_DATA TO USE_
○ ○ ○ ○ ○
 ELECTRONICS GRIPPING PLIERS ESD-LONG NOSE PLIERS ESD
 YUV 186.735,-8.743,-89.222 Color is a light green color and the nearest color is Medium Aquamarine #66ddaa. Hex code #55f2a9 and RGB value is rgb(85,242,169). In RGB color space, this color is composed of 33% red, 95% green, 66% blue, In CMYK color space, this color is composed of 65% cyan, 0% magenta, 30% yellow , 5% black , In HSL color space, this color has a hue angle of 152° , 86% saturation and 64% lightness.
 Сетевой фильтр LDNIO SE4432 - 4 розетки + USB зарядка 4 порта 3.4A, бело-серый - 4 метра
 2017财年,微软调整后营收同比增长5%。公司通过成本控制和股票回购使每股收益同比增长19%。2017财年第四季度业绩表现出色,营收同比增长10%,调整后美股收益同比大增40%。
○ ○ ○ ○ ○
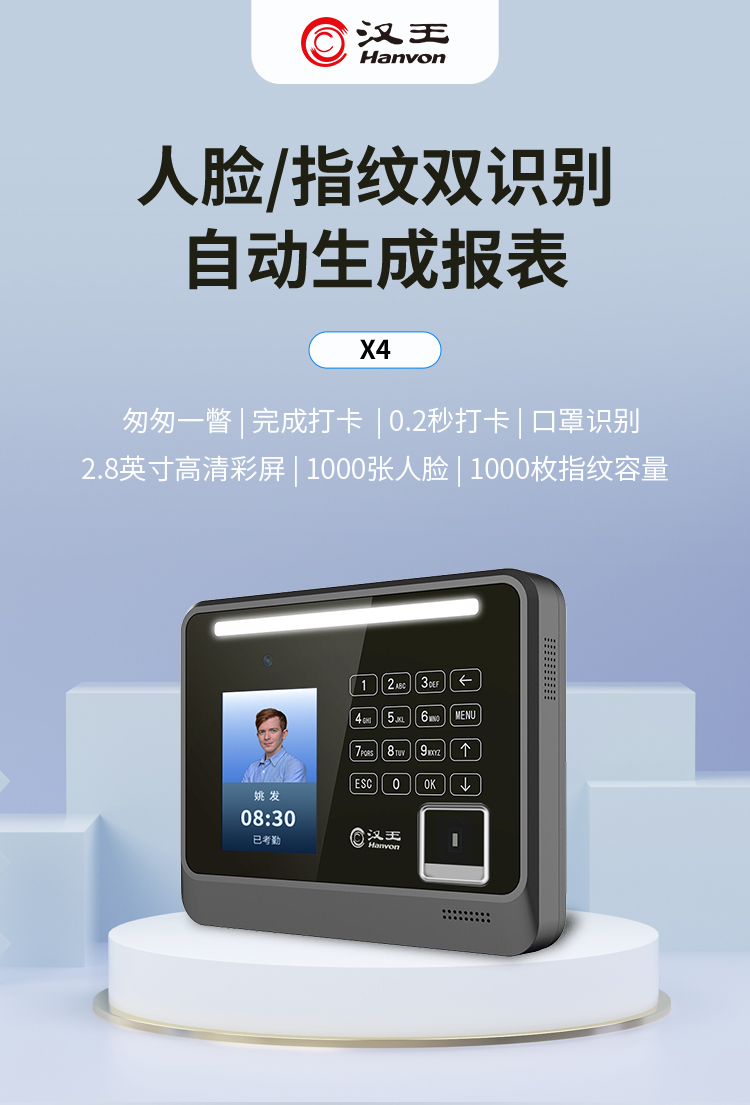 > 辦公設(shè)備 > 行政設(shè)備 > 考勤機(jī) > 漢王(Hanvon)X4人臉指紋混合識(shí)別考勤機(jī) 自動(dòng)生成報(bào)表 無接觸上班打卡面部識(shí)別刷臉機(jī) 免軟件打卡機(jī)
○ ○ ○ ○ ○
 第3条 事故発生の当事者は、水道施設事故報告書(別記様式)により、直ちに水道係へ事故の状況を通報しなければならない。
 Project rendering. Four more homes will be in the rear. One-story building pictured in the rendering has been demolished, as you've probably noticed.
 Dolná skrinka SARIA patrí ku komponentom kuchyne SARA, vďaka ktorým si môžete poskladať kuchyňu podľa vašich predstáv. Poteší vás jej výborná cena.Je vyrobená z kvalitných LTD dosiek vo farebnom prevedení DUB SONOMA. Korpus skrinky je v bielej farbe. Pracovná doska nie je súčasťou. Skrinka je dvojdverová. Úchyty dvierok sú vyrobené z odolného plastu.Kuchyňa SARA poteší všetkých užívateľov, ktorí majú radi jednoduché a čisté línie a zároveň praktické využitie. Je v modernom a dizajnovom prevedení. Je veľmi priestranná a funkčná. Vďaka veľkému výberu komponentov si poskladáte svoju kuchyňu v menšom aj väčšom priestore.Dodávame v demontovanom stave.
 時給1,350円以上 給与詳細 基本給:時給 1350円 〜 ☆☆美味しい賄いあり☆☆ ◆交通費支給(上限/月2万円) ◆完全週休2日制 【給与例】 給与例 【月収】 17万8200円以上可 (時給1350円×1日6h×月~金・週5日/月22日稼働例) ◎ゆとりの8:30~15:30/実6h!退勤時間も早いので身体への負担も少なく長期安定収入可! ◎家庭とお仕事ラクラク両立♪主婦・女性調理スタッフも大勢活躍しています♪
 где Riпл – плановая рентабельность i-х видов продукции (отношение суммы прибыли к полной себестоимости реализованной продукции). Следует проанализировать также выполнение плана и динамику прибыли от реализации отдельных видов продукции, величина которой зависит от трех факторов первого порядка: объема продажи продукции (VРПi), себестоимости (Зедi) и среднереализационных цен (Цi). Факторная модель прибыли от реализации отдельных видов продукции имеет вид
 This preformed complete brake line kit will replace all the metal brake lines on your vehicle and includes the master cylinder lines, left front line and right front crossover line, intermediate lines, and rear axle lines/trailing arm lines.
○ ○ ○ ○ ○
_WHAT IS EXPECTED_
The response must hold only the lines above from the line with "Сетевой фильтр LDNIO" through the line with "2017财年,微软调整后营收", each copied exactly, both ends kept.

_OUTPUT_
 Сетевой фильтр LDNIO SE4432 - 4 розетки + USB зарядка 4 порта 3.4A, бело-серый - 4 метра
 2017财年,微软调整后营收同比增长5%。公司通过成本控制和股票回购使每股收益同比增长19%。2017财年第四季度业绩表现出色,营收同比增长10%,调整后美股收益同比大增40%。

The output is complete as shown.